◆ **Work request**
Locate the line that contains "千匠一品 意式极简风格 碳素钢+马鞍皮+白蜡木 时尚简约沙滩椅YL80-J" in the data that follows. Copy it and every subsequent line to the end, exactly, excluding pictures.
Information provided below:
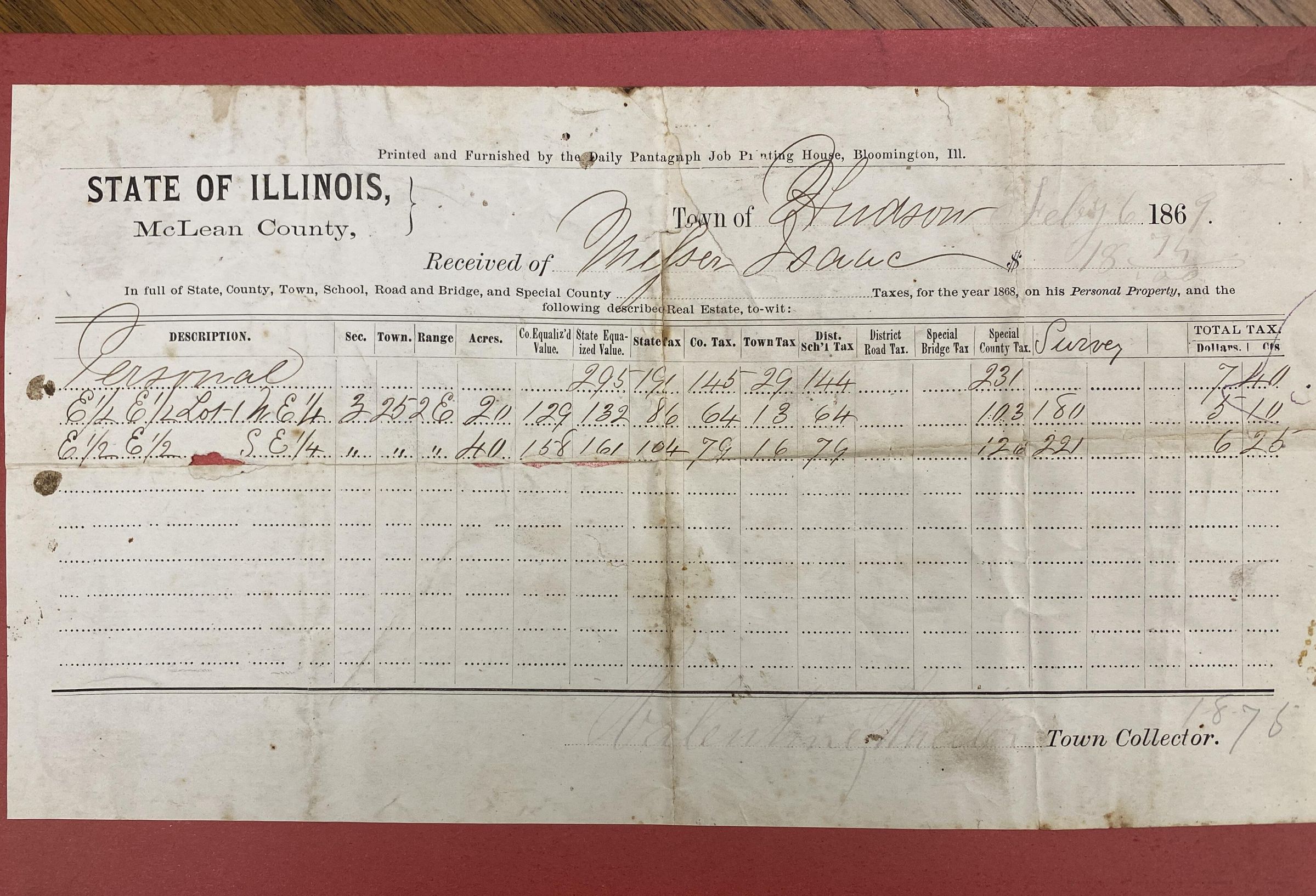Receipt of personal property taxes for 1868. In poor condition because ink is faded and the receipt is torn. Possibly paid by Isaac Messer but name is hard to read.
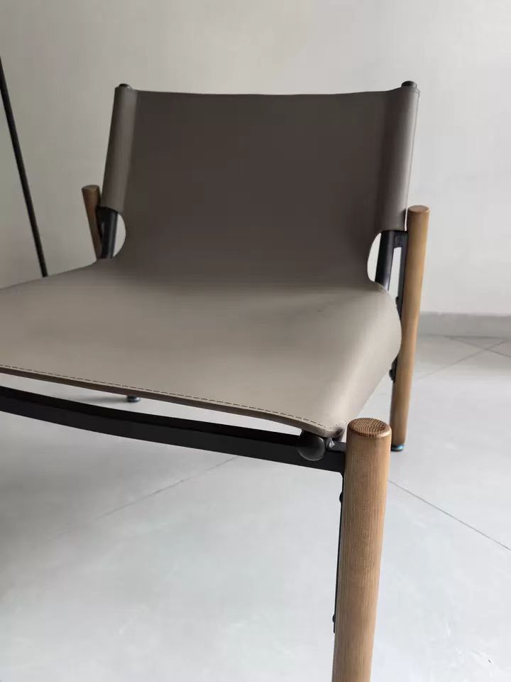 千匠一品 意式极简风格 碳素钢+马鞍皮+白蜡木 时尚简约沙滩椅YL80-J
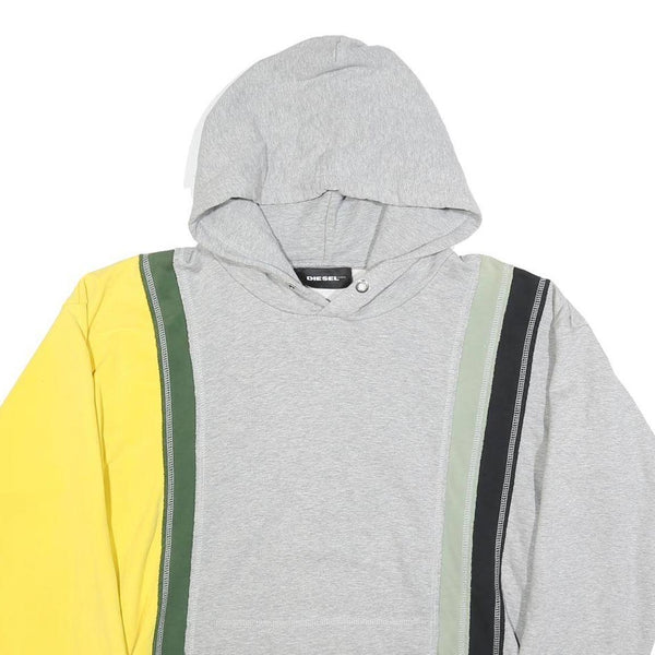 DIESEL Mens Grey Yellow Colourblock Pullover Hoodie S Casual Street Style
End of Information provided.
◆ **Answer for the task**
 千匠一品 意式极简风格 碳素钢+马鞍皮+白蜡木 时尚简约沙滩椅YL80-J
 DIESEL Mens Grey Yellow Colourblock Pullover Hoodie S Casual Street Style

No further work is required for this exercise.